→ **RECORDS SUPPLIED**
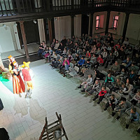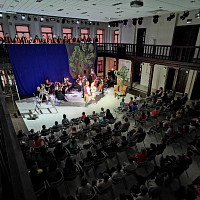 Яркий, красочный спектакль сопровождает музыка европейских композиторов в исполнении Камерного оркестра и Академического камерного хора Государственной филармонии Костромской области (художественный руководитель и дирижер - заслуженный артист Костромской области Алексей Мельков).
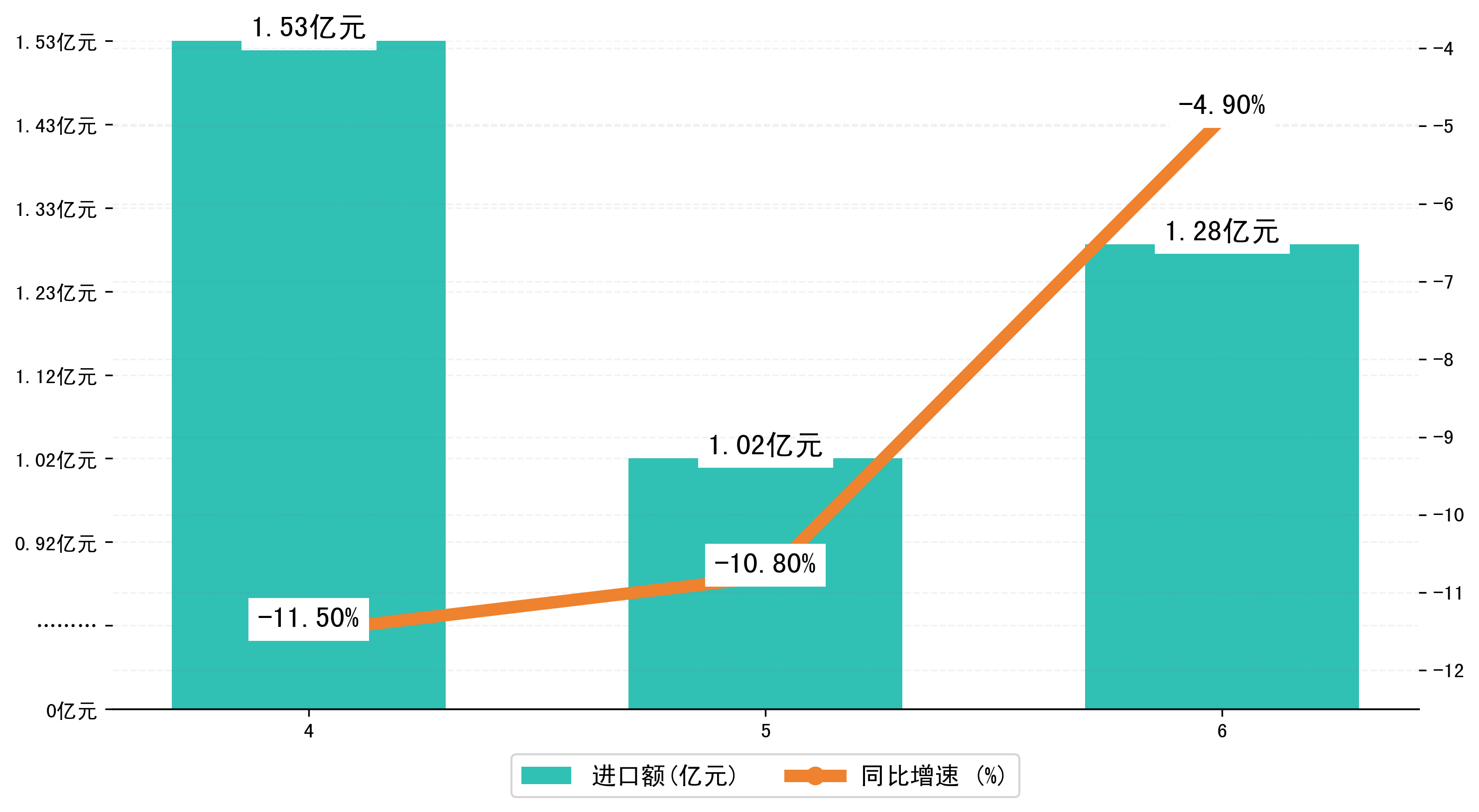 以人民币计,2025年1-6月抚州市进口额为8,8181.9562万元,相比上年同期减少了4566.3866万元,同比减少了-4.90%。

...

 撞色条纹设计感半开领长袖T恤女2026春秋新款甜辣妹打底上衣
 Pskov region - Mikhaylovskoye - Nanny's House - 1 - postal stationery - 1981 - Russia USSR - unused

→ **DESCRIPTION OF THE TASK**
Copy, exactly and only, the lines above that begin with the one containing "撞色条纹设计感半开领长袖T恤女2026春秋新款甜辣妹打底上衣" and finish with the one containing "Pskov region - Mikhaylovskoye".

→ **TASK RESULT**
 撞色条纹设计感半开领长袖T恤女2026春秋新款甜辣妹打底上衣
 Pskov region - Mikhaylovskoye - Nanny's House - 1 - postal stationery - 1981 - Russia USSR - unused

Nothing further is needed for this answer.